Tuesday, June 28, 2022

Exploring, 3

I've read Cynthia Voigt's A Solitary Blue more than once—in fact, four times since 1989. I was reading it yet again, this time as an audiobook, when the following passage—a passage I've quoted more than once in this blog—filled my ears last week while I vacationed in downeast Maine. 

This had been the pattern

of his days 

on the back creek:

he would move the boat out

until he felt more frightened

than he had the courage to match;

then he would anchor

and wait.

—Cynthia Voigt, A Solitary Blue

The words offer such a fitting metaphor for my typical way of painting. The moving-anchoring-waiting-gathering-courage-moving-again pattern is exactly what was playing out when Voigt's words came my way as I was painting last week. 

The piece I was working on already had a considerable history of moving-anchoring-waiting when I'd set it aside as a finished (or so I thought) painting in 2016. 

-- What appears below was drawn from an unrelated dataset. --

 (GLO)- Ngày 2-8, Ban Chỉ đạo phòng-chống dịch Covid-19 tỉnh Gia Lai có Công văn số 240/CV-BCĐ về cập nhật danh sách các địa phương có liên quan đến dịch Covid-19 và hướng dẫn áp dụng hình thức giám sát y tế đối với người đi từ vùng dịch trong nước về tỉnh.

After a six-year(!) wait period, I'd pulled anchor and included this piece in what I packed for vacation, thinking I might use it as the backdrop for a new neurographic exploration. 

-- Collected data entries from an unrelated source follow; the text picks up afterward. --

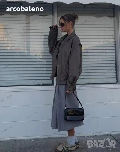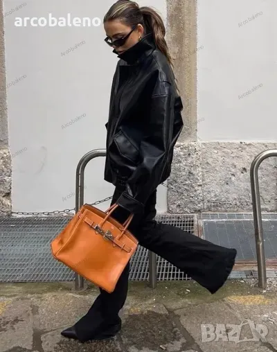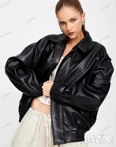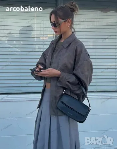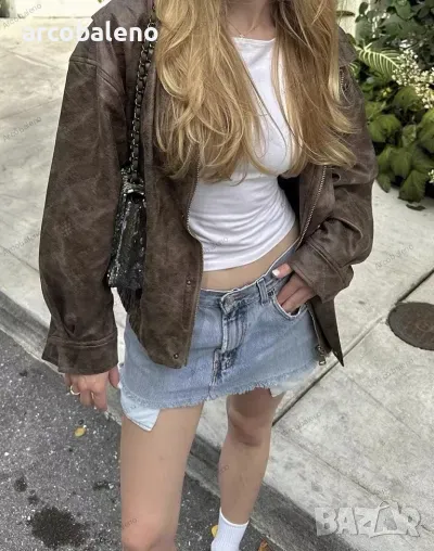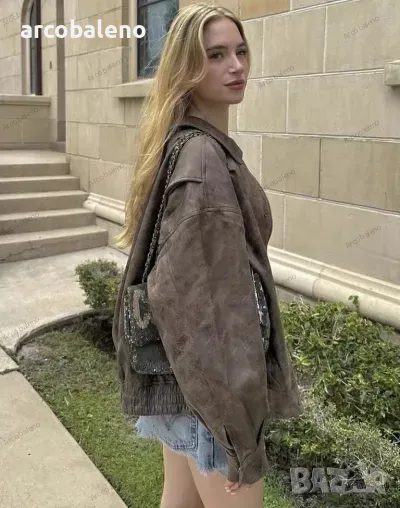 Дамско американско ретро кожено яке с ревер, 2цвята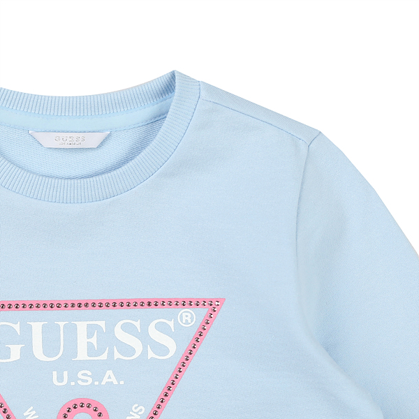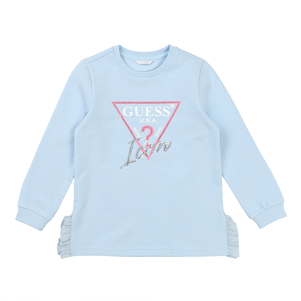 게스 로고에 핫픽스와 스팽글을 얹어 화려함을 더하고 밑단 사이드에 트임과 프릴 디테일로 러블리하게 구성된 아이템입니다.
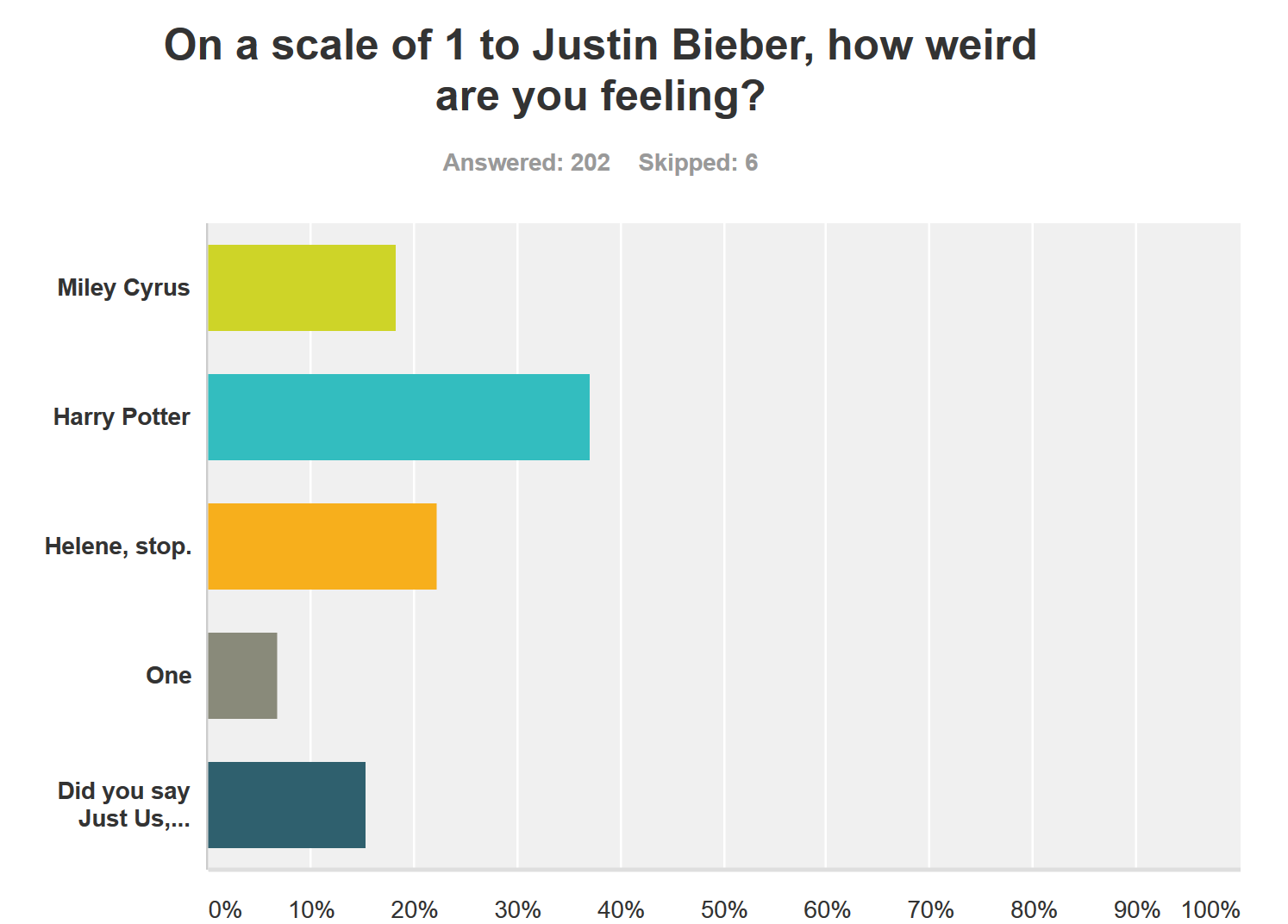 When I posted a survey last week I thought I would get maybe a dozen responses. I was pretty shocked that 208 people answered. So first, thank you for reciprocating. Second, this really was anonymous. A few of you said your name on some of the answers but I only know who you are if you told me on one question, since it's all anonymous otherwise. Now let's get to the results.

Use it I did. I added neurographic linework and, for good measure, also threw in a semi-blind contour drawing of trees seen out my cottage window.

totally lost myself in the joy of process—created messes, anchored, waited, let my courage and investigative energy recover, ventured forth again, resolved one mess and inevitably created a new one, anchored again, waited again, gathered courage again, moved forward to resolution again, created yet another puzzle, and so on. 

Loved every moment.



A Greatness of Air
8 x 8"; collage, acrylic, gouache, watercolor, ink, and
oil pastel on watercolor paper
abstract landscape
2022



History:



'completed' piece from 2016
that became a start 
last week
for the new work above


6 comments:

carol edan said...

Thanks for the quote! Love your description of the creativity process!
Rolling waves,neurographic rocks, pebbled sky.and realistic pine!

dotty seiter: now playing said...

Carol, thanks for your feedback. The creativity process was a fascinating ride from start to finish—a journey that unfolded with alternating challenge and resolution, one after the other. I let myself keep exploring to see what might work, using the guiding question of what-if-I-did-this. I'd 'do this,' see what presented itself, then I'd do the next thing in response, rather than try to think it all through or 'control' it from the get-go. Ironically, the trees began as a combination of partial blind-contour and a bunch of neurographic smoothing—not aiming for realistic even though they became increasingly so.

carol edan said...

This Friday my youngest grandson is having his Bar Mitzva. I am adding the quote to my Bracha.

dotty seiter: now playing said...

Sweet! Thanks for letting me know. Mazel tov, Bar Mitzvah!

Sheila said...

I got so lost in this I forgot to post. LOL. Wonderful post Dotty. I love your landscapes, and this is so delightful. :)

dotty seiter: now playing said...

Oh!, I am delighted in return at your delight in this landscape! This current engagement with it was so engaging and such fun, one of those sweet times when process was a tremendous gift.

I've thought of you often recently, Sheila, as I've begun incorporating a bit of watercolor and gouache exploration into my studio time. Much to learn but I love having you as a mentor.